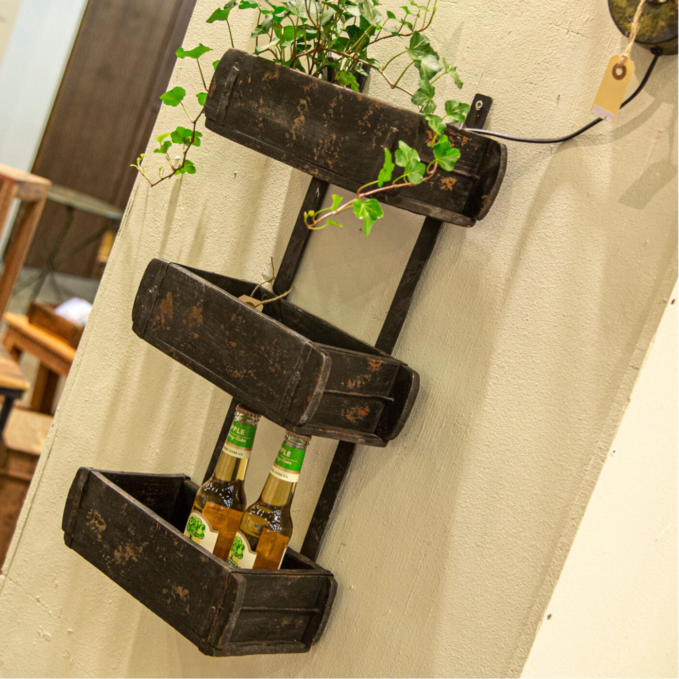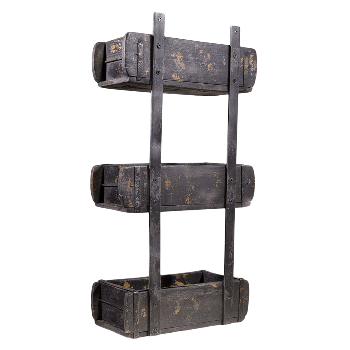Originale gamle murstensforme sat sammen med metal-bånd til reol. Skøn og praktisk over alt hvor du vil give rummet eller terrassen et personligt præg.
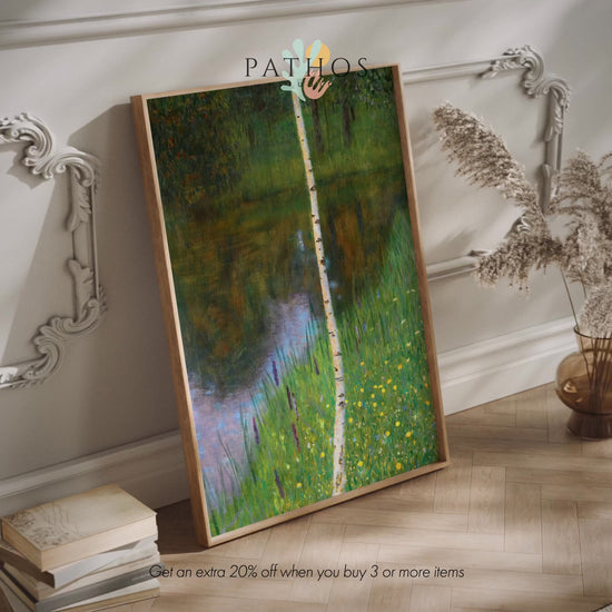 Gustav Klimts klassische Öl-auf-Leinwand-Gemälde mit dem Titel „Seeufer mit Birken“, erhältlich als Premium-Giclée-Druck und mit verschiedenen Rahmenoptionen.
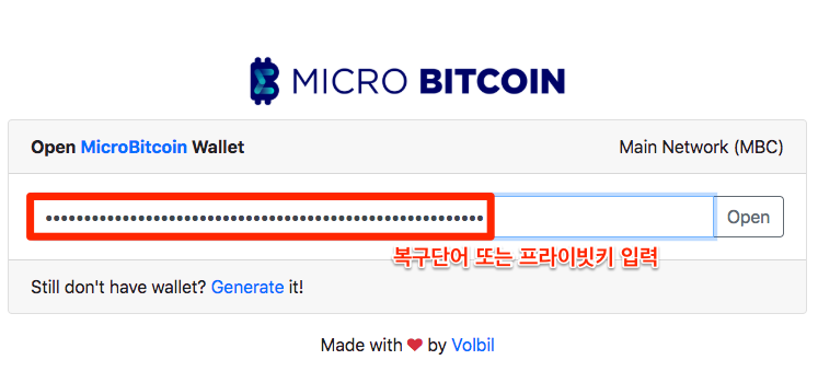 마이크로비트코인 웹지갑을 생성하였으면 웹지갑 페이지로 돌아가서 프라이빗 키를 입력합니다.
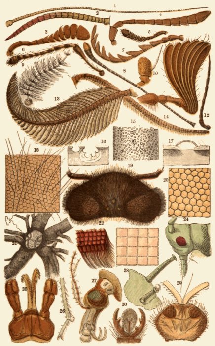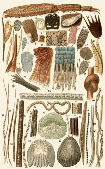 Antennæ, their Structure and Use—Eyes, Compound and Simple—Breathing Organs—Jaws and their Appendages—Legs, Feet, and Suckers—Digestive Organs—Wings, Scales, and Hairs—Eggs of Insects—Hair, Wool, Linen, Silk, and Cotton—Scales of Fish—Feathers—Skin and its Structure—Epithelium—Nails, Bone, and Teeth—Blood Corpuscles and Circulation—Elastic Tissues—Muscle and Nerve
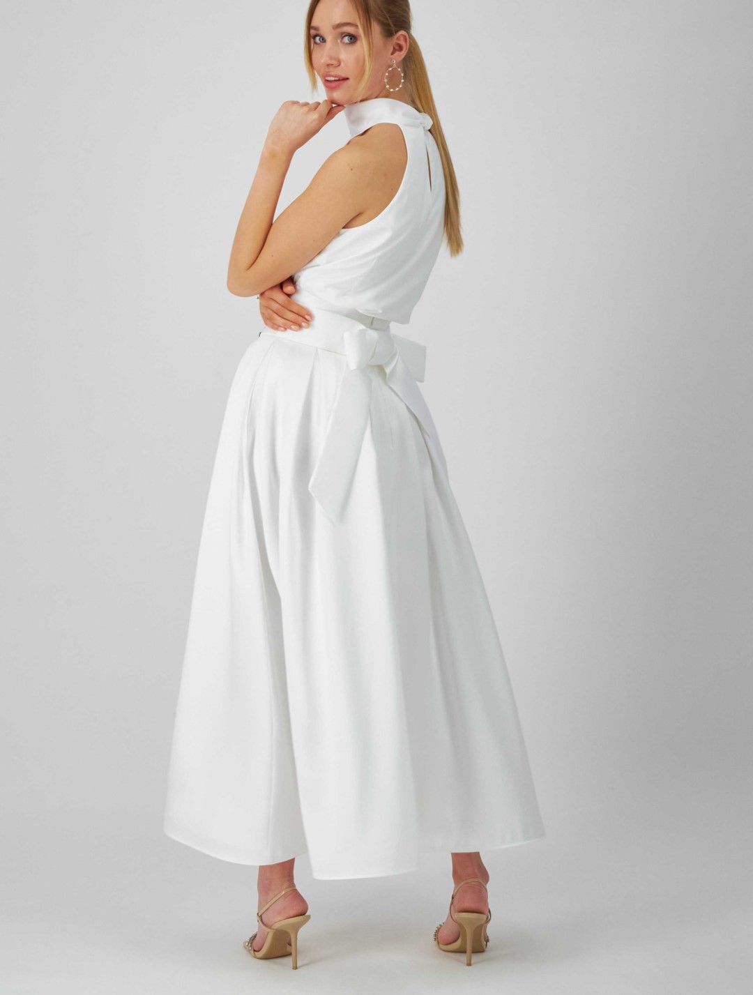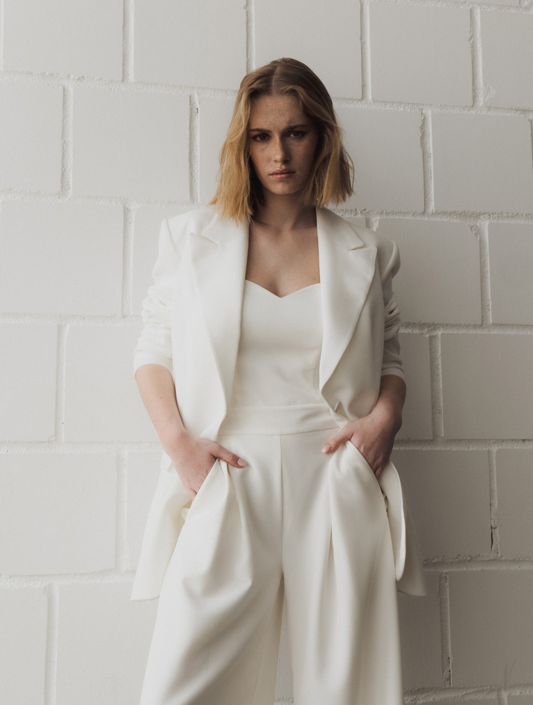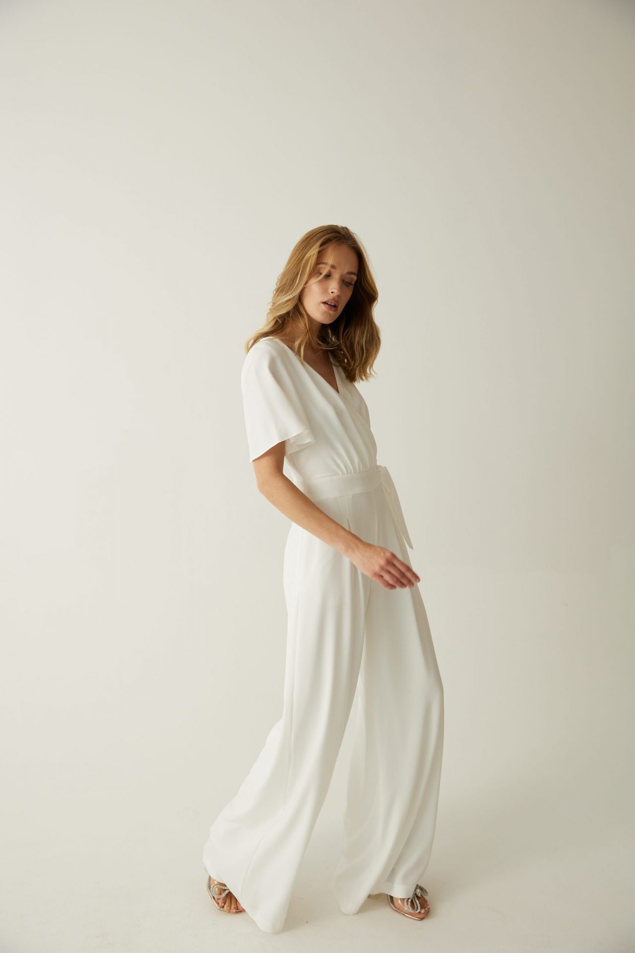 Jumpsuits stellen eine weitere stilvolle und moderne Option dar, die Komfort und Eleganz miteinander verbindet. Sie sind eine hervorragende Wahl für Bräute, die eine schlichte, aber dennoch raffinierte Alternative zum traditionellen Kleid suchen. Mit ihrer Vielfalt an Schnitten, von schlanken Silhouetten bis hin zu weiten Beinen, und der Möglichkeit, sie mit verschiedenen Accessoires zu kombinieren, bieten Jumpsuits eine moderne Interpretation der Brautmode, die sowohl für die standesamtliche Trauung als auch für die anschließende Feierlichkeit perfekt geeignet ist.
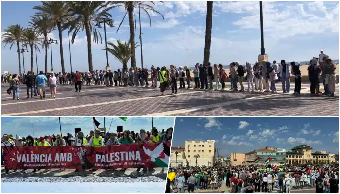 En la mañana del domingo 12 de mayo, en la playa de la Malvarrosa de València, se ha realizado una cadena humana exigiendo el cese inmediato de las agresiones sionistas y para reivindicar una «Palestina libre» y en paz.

About this exercise: Your answer must be an exact transcription of the records above, minus the pictures.

Response to the task:
Originale gamle murstensforme sat sammen med metal-bånd til reol. Skøn og praktisk over alt hvor du vil give rummet eller terrassen et personligt præg.
 Gustav Klimts klassische Öl-auf-Leinwand-Gemälde mit dem Titel „Seeufer mit Birken“, erhältlich als Premium-Giclée-Druck und mit verschiedenen Rahmenoptionen.
 마이크로비트코인 웹지갑을 생성하였으면 웹지갑 페이지로 돌아가서 프라이빗 키를 입력합니다.
 Antennæ, their Structure and Use—Eyes, Compound and Simple—Breathing Organs—Jaws and their Appendages—Legs, Feet, and Suckers—Digestive Organs—Wings, Scales, and Hairs—Eggs of Insects—Hair, Wool, Linen, Silk, and Cotton—Scales of Fish—Feathers—Skin and its Structure—Epithelium—Nails, Bone, and Teeth—Blood Corpuscles and Circulation—Elastic Tissues—Muscle and Nerve
 Jumpsuits stellen eine weitere stilvolle und moderne Option dar, die Komfort und Eleganz miteinander verbindet. Sie sind eine hervorragende Wahl für Bräute, die eine schlichte, aber dennoch raffinierte Alternative zum traditionellen Kleid suchen. Mit ihrer Vielfalt an Schnitten, von schlanken Silhouetten bis hin zu weiten Beinen, und der Möglichkeit, sie mit verschiedenen Accessoires zu kombinieren, bieten Jumpsuits eine moderne Interpretation der Brautmode, die sowohl für die standesamtliche Trauung als auch für die anschließende Feierlichkeit perfekt geeignet ist.
 En la mañana del domingo 12 de mayo, en la playa de la Malvarrosa de València, se ha realizado una cadena humana exigiendo el cese inmediato de las agresiones sionistas y para reivindicar una «Palestina libre» y en paz.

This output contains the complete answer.